In reply he hugged her. “You have no idea what it meant to me, to know I had a sister.”

“And to me,” she said. “He told me never to tell Mother that I knew about you. But you were coming and you would set me free.”

“I will,” he said. “I know how to follow these passages to get through the outside wall.”

“Under it?” she asked.

“The land these houses are built on was raised. It’s not as high now, because the weight of the houses presses it down. So some of the passages may have water in them now—this is the river delta, and water is just below the surface everywhere. But as long as we can breathe, we can make it out of here. One long passage leads to the Library of Nothing.”

“How can you know this? Have you gone into these passages before?”

“No,” said Rigg. “But I’ve seen the paths of the people who’ve used them. I know where they went. That’s what I do—I see their paths, even when they’re hidden behind walls or underground.”

“You have a much more useful gift than mine,” she said.

“Mine didn’t get me into this space. Mine doesn’t allow me to disappear in plain day.”

“Yours doesn’t burn you up when you pass through things.”

“I’m sorry I walked through you that time.”

“It wasn’t bad,” she said. “We were both moving—it means we didn’t occupy the same space for very long. Walls are stationary. I’m the only one moving, and the contact lasts a lot longer.”

He held her hands tightly. “What did you call him? The man I knew as Father?”

“Walker,” she said.

“So he was in this house?”

“Yes,” she said. “I told Mother that one of the scholars had inadvertently helped me understand my gift. But really he came here as a gardener. The gardens still show his touch. Why didn’t you know he was here? Couldn’t you see his path?”

“Father—Walker—he doesn’t make a path. He has no path.”

“How could he manage that?”

“I don’t know if he manages it or simply doesn’t have one. He’s a saint, I think. A hero. He has powers other people don’t have.”

“But when I was invisible, he couldn’t see me, the way you can.”

“I can’t see you, I can only see where you were—the spot you passed through and left behind a moment before. And it isn’t seeing, exactly. I can close my eyes or turn my back and still find your path.”
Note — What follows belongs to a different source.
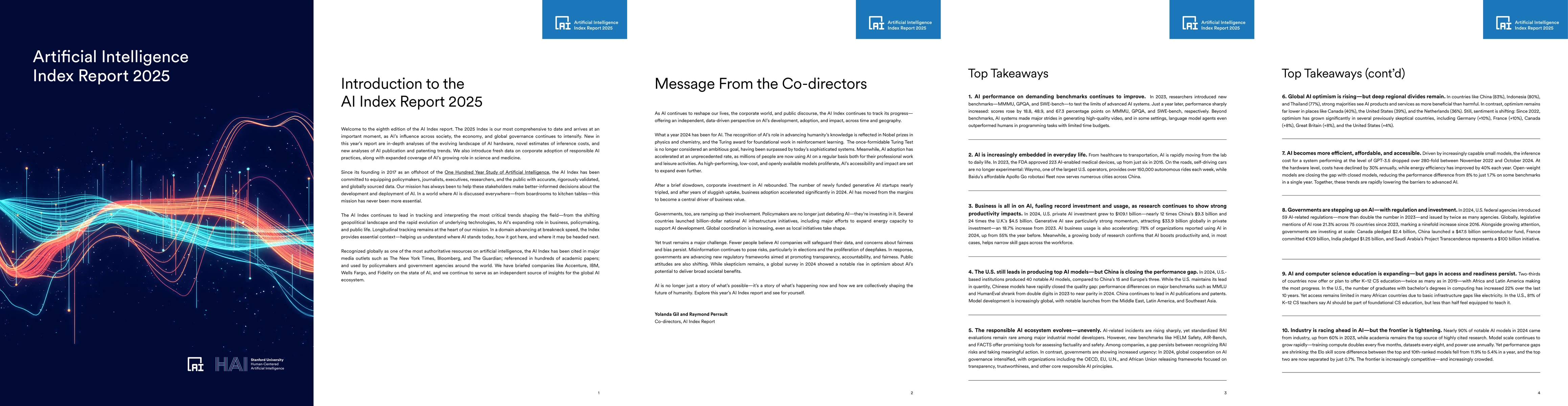 Welcome to the eighth edition of the AI Index report. The 2025 Index is our most comprehensive to date and arrives at an important moment, as AI's influence across society, the economy, and global governance continues to intensify. New in this year's report are in-depth analyses of the evolving landscape of AI hardware, novel estimates of inference costs, and new analyses of AI publication and patenting trends. We also introduce fresh data on corporate adoption of responsible AI practices, along with expanded coverage of AI's growing role in science and medicine. Since its founding in 2017 as an offshoot of the One Hundred Year Study of Artificial Intelligence, the AI Index has been committed to equipping policymakers, journalists, executives, researchers, and the public with accurate, rigorously validated, and globally sourced data. Our mission has always been to help these stakeholders make better-informed decisions about the development and deployment of AI. In a world where AI is discussed everywhere - from boardrooms to kitchen tables - this mission has never been more essential. The AI Index continues to lead in tracking and interpreting the most critical trends shaping the field - from the shifting geopolitical landscape and the rapid evolution of underlying technologies, to AI's expanding role in business, policymaking, and public life. Longitudinal tracking remains at the heart of our mission. In a domain advancing at breakneck speed, the Index provides essential context - helping us understand where AI stands today, how it got here, and where it may be headed next. Recognized globally as one of the most authoritative resources on artificial intelligence, the AI Index has been cited in major media outlets such as The New York Times, Bloomberg, and The Guardian; referenced in hundreds of academic papers; and used by policymakers and government agencies around the world.

“He said you were the best of us.”

“Us?”

“All his students.”

“So he told you about others?”

“He said the world has bent itself to make us. These powers run strong in this wallfold, he said. So everything depends on us.”

“What everything?” asked Rigg. “Restoring the monarchy? I don’t really care about that.”

“Neither do I,” she said. “Neither did he.”

“He told you so much,” said Rigg. “He told me nothing.”

“Are you jealous?”

“Yes,” he said. “And angry. Why didn’t he trust me?”

“He trusted you most of all, he told me that. He said you were the most ready. His best student.”

“I can’t do anything myself. I can see paths, yes, but I can’t do anything without Umbo—he’s the one who actually lets me move back in time. The way you got me in here. I can’t do anything myself.”

“You knew where this passage was.”

Rigg realized they were wasting time on reassurances that his own gift had value. “We don’t have very long. Someone’s going to notice we’re gone.”